Сейчас не время и не место разбираться, какие течения общественно-политической мысли преобладали в тогдашнем Моссовете и какие бури бушевали в политической жизни столицы, да и России в целом. Важно иное: передача рычагов власти от "либерально-идеологического" (здесь важна не смысловая характеристика тогдашнего московского руководства, а именно сущностная, то есть операциональная) к "хозяйственному" - была в высшей мере оправданной. Москва истосковалась по нормальному управляющему. Ведь до этого во главе городского руководства почти два десятилетия стояли бесцветный партийный чиновник Гришин и завхоз Промыслов. Псевдополитические деятели типа Гавриила Попова не только не умели, но и не могли превратить свой политический капитал, завоеванный в демократической битве перестройки, в капитал менеджерский. Отсюда неслучайной выглядит добровольная отставка Г.Попова в пользу быстро поднимавшегося управленческого таланта Ю.Лужкова.
В чем было неоспоримое преимущество Юрия Михайловича? Да в том, что на фоне политиканствующих "лидеров демократии" он начал практическую работу: взял под контроль повседневное функционирование городского хозяйства, стал выстраивать систему финансирования городского бюджета, для чего применил весь тот набор инструментов, который использовали назначенные или даже избранные губернаторы по всей Руси Великой.
Другое дело, что иных из тех, кто эти инструменты использовал, уж нет, а те, кто этими инструментами злоупотреблял, - уже далече... Но факт остается фактом: Юрию Михайловичу удалось "заморозить" ту схему отношений, которая возникла на ранних стадиях становления молодой российской государственности после распада СССР. И не просто заморозить, но сохранить и использовать ее на протяжении почти полутора десятилетий.

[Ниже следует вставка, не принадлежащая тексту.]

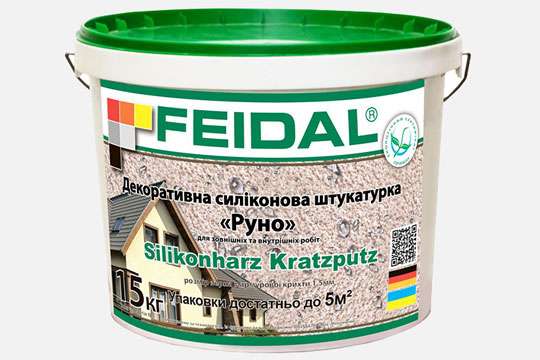 На отечественном рынке декоративную силиконовую структурную штукатурку «Руно» (Барашек) Silikonharz Kratzputz вывела компания Feidal.

Что это дало городу и что от него отняло? Конечно, дало это известный эффект использования административного ресурса: все финансовые структуры "urbi et orbi" были "выстроены" под главного городского начальника (точнее, под контролируемые им бизнес-структуры). Это дало и свой экономический эффект: концентрация финансовых ресурсов в рамках одной "территории-корпорации" с помощью "своих" банков, переориентация потоков денег, в том числе налоговых поступлений, в бюджет города, надзор (не без пользы для "надзирающих") за жилищным и офисным строительством в столице. Но главным следствием оказалось формирование политико-экономического клана, который взял под свой контроль все без исключения проявления экономической активности на данной территории.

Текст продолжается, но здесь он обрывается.